**Problem to work on:** Return an exact copy of the data, starting at its first line and ending at the line that contains "最初に、改善したい顔のパーツ", minus any pictures.

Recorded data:
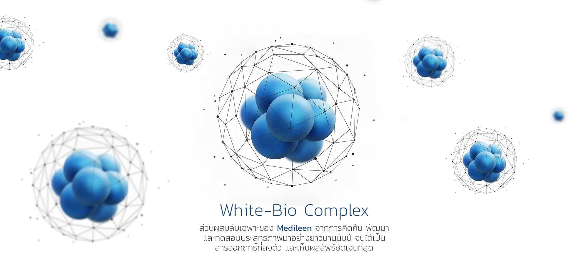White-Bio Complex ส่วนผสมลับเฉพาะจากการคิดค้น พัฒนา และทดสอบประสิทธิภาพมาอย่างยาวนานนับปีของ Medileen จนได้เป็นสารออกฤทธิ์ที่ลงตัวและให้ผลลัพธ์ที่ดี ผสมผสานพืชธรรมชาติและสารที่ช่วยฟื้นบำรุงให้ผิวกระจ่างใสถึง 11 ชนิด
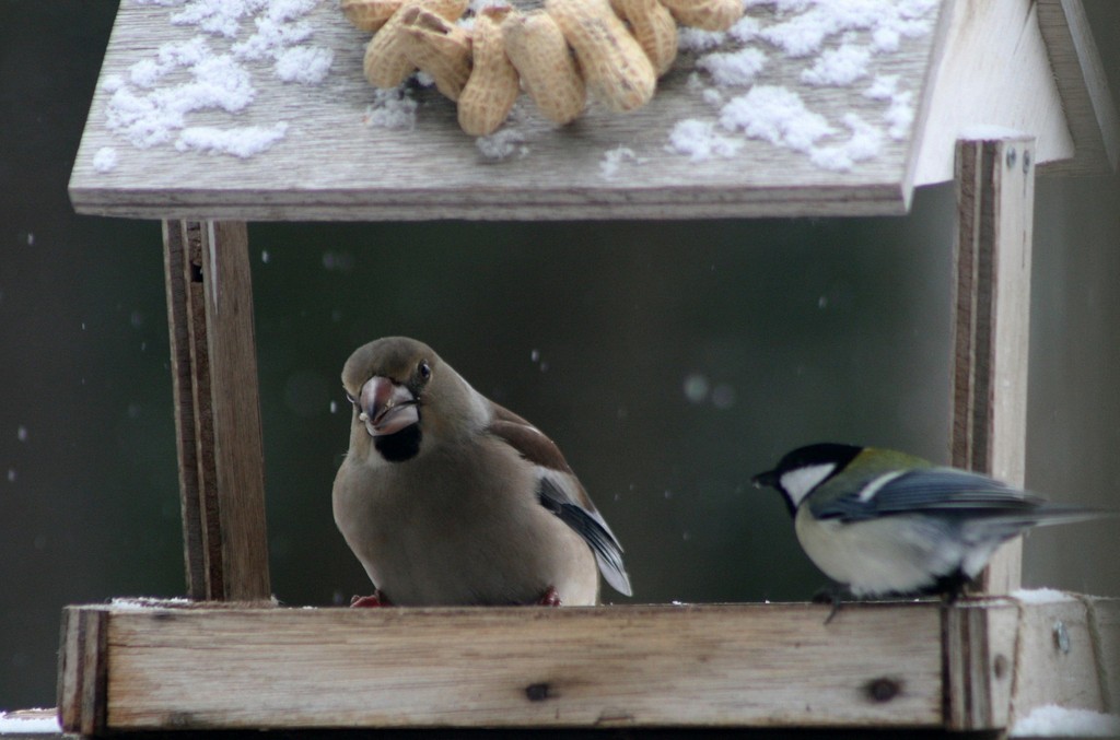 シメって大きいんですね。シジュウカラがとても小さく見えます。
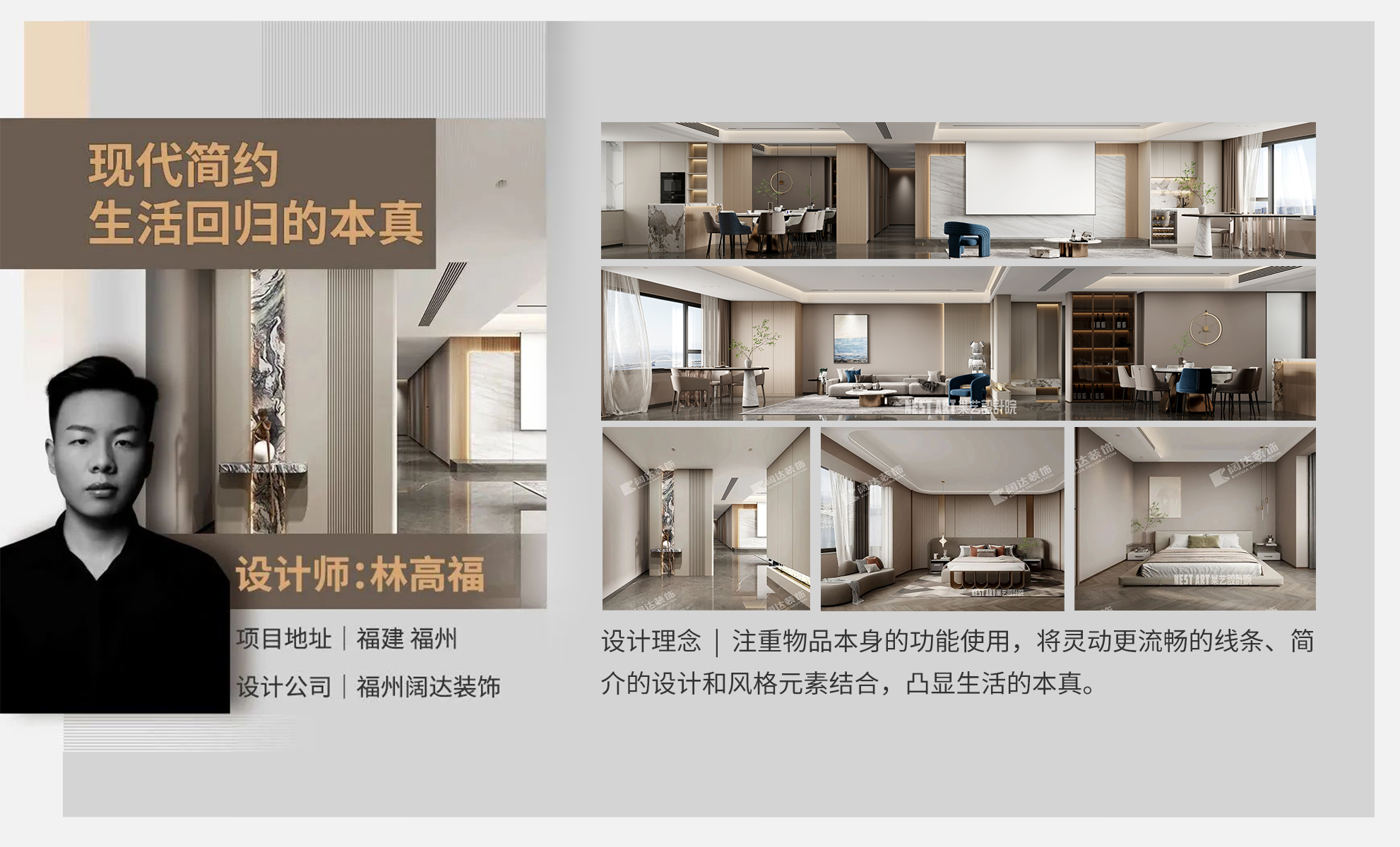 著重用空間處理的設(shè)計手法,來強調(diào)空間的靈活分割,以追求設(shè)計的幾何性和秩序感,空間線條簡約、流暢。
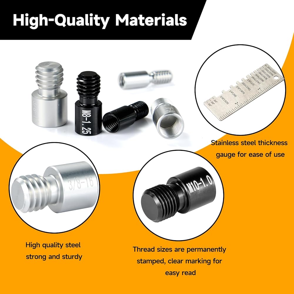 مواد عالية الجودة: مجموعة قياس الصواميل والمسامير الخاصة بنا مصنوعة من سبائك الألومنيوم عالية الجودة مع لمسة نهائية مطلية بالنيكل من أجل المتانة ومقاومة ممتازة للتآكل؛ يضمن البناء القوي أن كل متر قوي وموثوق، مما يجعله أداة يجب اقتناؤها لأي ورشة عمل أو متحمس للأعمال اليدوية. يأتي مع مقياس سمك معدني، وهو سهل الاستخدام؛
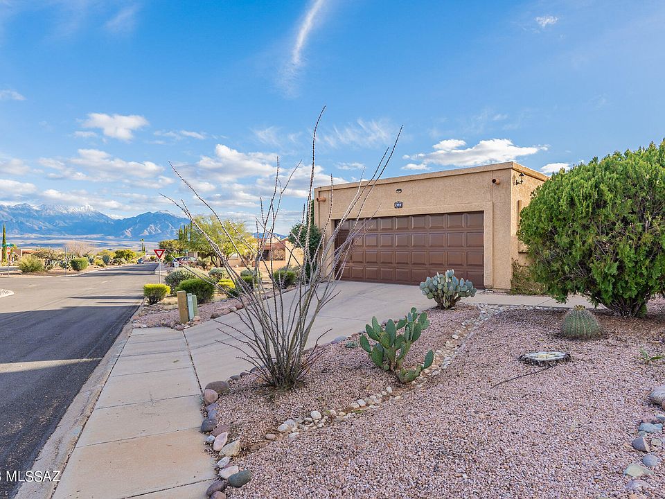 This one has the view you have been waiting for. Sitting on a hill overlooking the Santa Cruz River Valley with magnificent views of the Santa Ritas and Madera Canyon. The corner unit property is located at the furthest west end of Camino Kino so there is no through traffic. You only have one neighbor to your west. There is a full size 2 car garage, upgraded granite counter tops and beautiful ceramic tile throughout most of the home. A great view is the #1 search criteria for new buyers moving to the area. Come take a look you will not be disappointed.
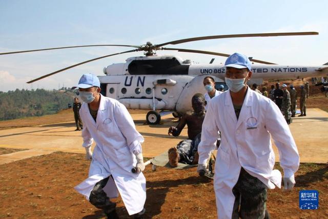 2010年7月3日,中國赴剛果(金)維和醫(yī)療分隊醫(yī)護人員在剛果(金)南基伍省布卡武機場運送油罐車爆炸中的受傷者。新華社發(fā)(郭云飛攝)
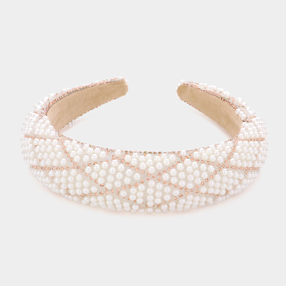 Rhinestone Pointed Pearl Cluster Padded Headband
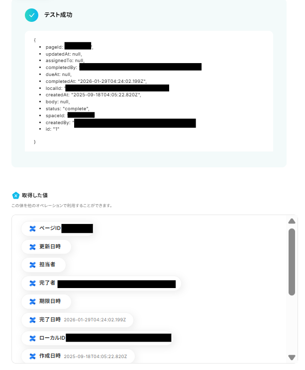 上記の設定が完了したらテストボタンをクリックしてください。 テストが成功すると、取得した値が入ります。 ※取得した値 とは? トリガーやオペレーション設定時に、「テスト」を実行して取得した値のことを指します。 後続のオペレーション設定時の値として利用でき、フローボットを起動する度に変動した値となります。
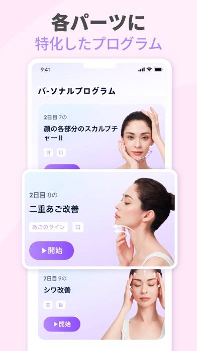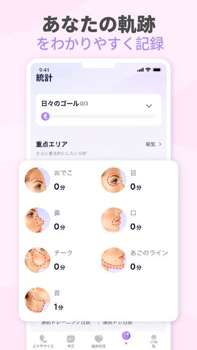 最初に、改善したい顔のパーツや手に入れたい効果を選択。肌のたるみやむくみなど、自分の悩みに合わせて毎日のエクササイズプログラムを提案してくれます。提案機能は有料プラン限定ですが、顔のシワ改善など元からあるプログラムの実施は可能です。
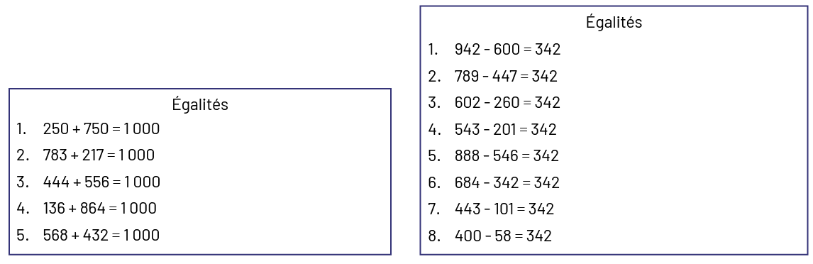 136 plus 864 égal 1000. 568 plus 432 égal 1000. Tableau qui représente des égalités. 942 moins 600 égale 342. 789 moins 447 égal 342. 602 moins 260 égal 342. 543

**Problem solution:**
White-Bio Complex ส่วนผสมลับเฉพาะจากการคิดค้น พัฒนา และทดสอบประสิทธิภาพมาอย่างยาวนานนับปีของ Medileen จนได้เป็นสารออกฤทธิ์ที่ลงตัวและให้ผลลัพธ์ที่ดี ผสมผสานพืชธรรมชาติและสารที่ช่วยฟื้นบำรุงให้ผิวกระจ่างใสถึง 11 ชนิด
 シメって大きいんですね。シジュウカラがとても小さく見えます。
 著重用空間處理的設(shè)計手法,來強調(diào)空間的靈活分割,以追求設(shè)計的幾何性和秩序感,空間線條簡約、流暢。
 مواد عالية الجودة: مجموعة قياس الصواميل والمسامير الخاصة بنا مصنوعة من سبائك الألومنيوم عالية الجودة مع لمسة نهائية مطلية بالنيكل من أجل المتانة ومقاومة ممتازة للتآكل؛ يضمن البناء القوي أن كل متر قوي وموثوق، مما يجعله أداة يجب اقتناؤها لأي ورشة عمل أو متحمس للأعمال اليدوية. يأتي مع مقياس سمك معدني، وهو سهل الاستخدام؛
 This one has the view you have been waiting for. Sitting on a hill overlooking the Santa Cruz River Valley with magnificent views of the Santa Ritas and Madera Canyon. The corner unit property is located at the furthest west end of Camino Kino so there is no through traffic. You only have one neighbor to your west. There is a full size 2 car garage, upgraded granite counter tops and beautiful ceramic tile throughout most of the home. A great view is the #1 search criteria for new buyers moving to the area. Come take a look you will not be disappointed.
 2010年7月3日,中國赴剛果(金)維和醫(yī)療分隊醫(yī)護人員在剛果(金)南基伍省布卡武機場運送油罐車爆炸中的受傷者。新華社發(fā)(郭云飛攝)
 Rhinestone Pointed Pearl Cluster Padded Headband
 上記の設定が完了したらテストボタンをクリックしてください。 テストが成功すると、取得した値が入ります。 ※取得した値 とは? トリガーやオペレーション設定時に、「テスト」を実行して取得した値のことを指します。 後続のオペレーション設定時の値として利用でき、フローボットを起動する度に変動した値となります。
 最初に、改善したい顔のパーツや手に入れたい効果を選択。肌のたるみやむくみなど、自分の悩みに合わせて毎日のエクササイズプログラムを提案してくれます。提案機能は有料プラン限定ですが、顔のシワ改善など元からあるプログラムの実施は可能です。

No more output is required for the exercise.